3. Special grounds 5 and 6 contend that the court erred in excluding from evidence a postal card marked defendant's exhibit No. 2, which was a notice from Wellborn R. Ellis, Administrator of the Fulton County Department of Public Welfare, addressed to the wife of Johnnie Snead, at 138 Chestnut St. N.W., Apt. 112, Atlanta, notifying her that she would be entitled to receive on April 24th, 1947, 72 pounds of Irish potatoes at the Commodity Warehouse, 320 North Highland Avenue, N.E.; and certain conversations to which two coemployees would have testified, between them and Johnnie Snead on the morning of the collision, to the effect that he stated to them that he was going by to pick up some potatoes that day which the Government was going to give him, the defendant contending that this evidence was offered for the purpose of showing conduct on the part of Snead at the time of the collision.

While it is competent to prove conduct or motive by hearsay, the fact which the defendant sought to prove by this hearsay *419 evidence was the very fact on which the defense turned, namely, whether the truck driver was on an errand of his own or on business other than the employer's.
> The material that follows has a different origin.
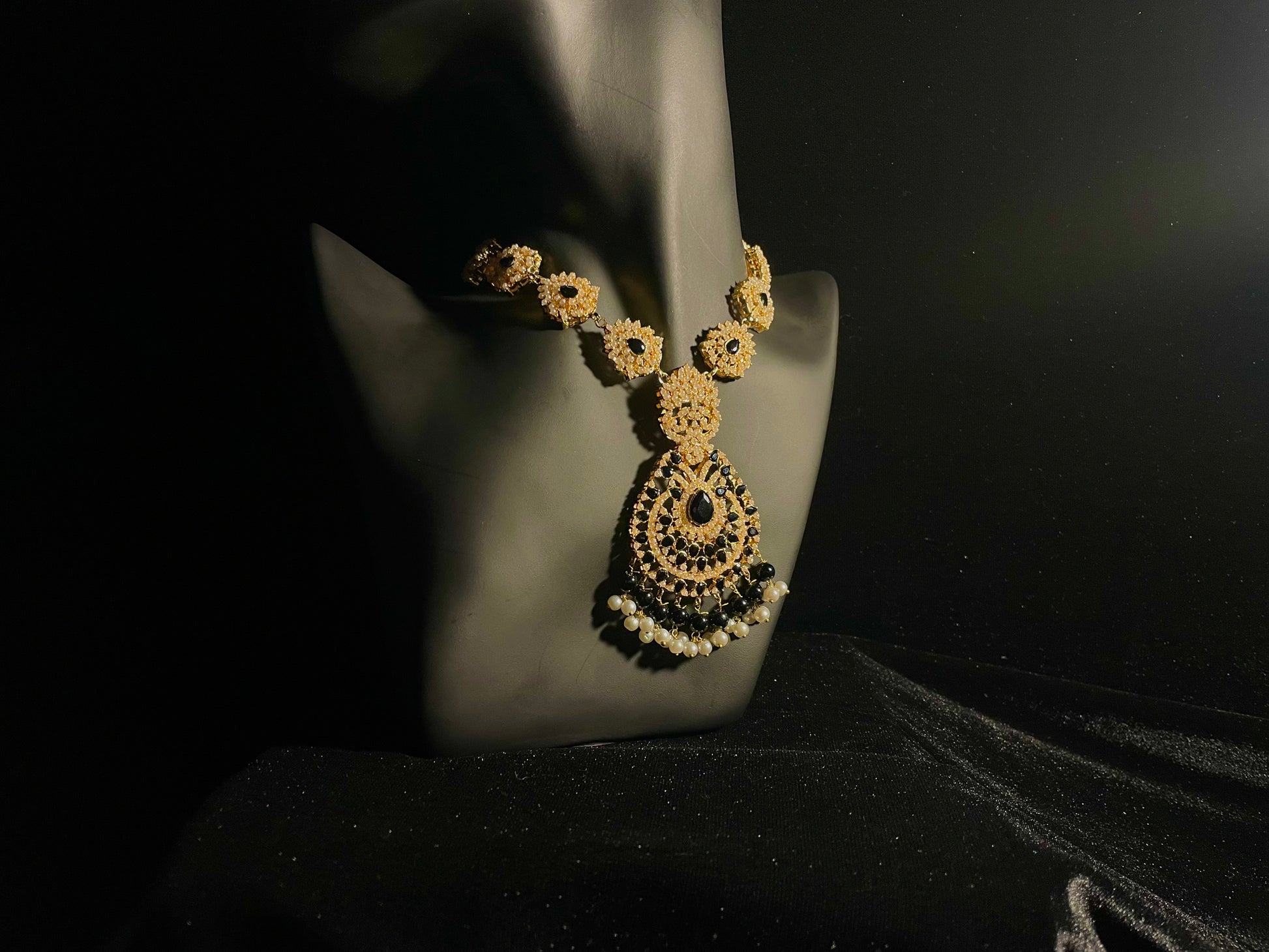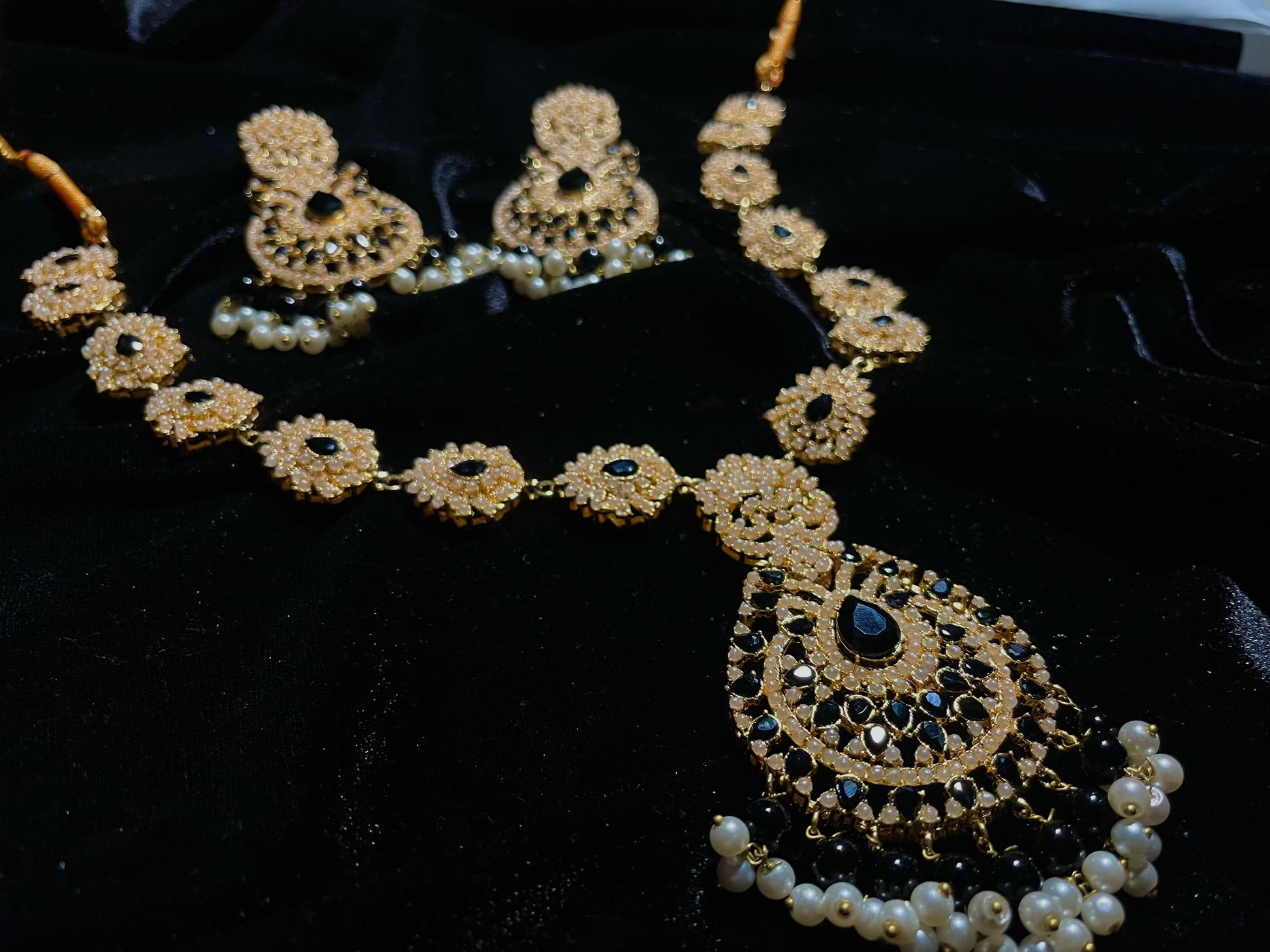 Elevate your ensemble with our Naulakha Jewels statement necklace set. This sophisticated black and gold combination features meticulous craftsmanship with intricate detailing that captures light from every angle. The bold design balances dramatic presence with refined elegance.

To illustrate, it is proper for peace officers to testify that a certain person is reported to be handling liquor, in explaining why a search warrant was procured and why a raid was made. But such hearsay evidence is not admissible to prove the crime.

At the time this conversation was offered, the truck driver had not testified. Later he testified, not for the plaintiff, but as a witness for the defendant.

Such hearsay was self-serving so far as the defendant was concerned, and for that reason inadmissible. In 22 C. J. 195, 229, it is said: "The favorable, unsworn statement of an employee is not evidence for his employer, the rule being the same in this respect whether the statement was oral or in writing." Also in 22 C. J. 194, 228, 229, it is said: "The unsworn declarations of an agent are not admissible on behalf of the principal, even though the agent is dead. Accordingly, the favorable, unsworn statements of one codefendant, copartner, for the other, or of a guardian for his ward, a principal for his surety, or a husband or wife for his or her spouse are rejected. The rule is the same whether the statements of the agent are oral or in writing, and hence letters written by an attorney or other agent, to his principal or to another person on behalf of his principal are excluded where the statements therein are favorable to the principal."

Neither of these grounds has merit.

4. Under the general grounds, the defendant contends that the evidence shows that the truck driver in question was not in the scope of his employment at the time of the injury, but had deviated from his master's employment and had gone off on a personal mission of his own. One of the defendant's witnesses testified that he had requested Johnnie Snead to pick up certain articles at Mellen Battery Company during that day if he were over that way. He also testified that this truck driver made trips all over town. It was admitted by the defendant that the truck in question belonged to it, and that said truck driver was its employee, employed to drive the truck in making deliveries and pickups over town. Snead was used as a witness for the defendant, *420 and he testified against it that he was on no personal mission of his own, but that he was making his usual roundabout turn and was returning to his place of employment at the time of the collision. The verdict was supported by the evidence.

The judgment of the trial court overruling the motion for a new trial as amended is without error.

Judgment affirmed. MacIntyre, P. J., and Gardner, J. concur.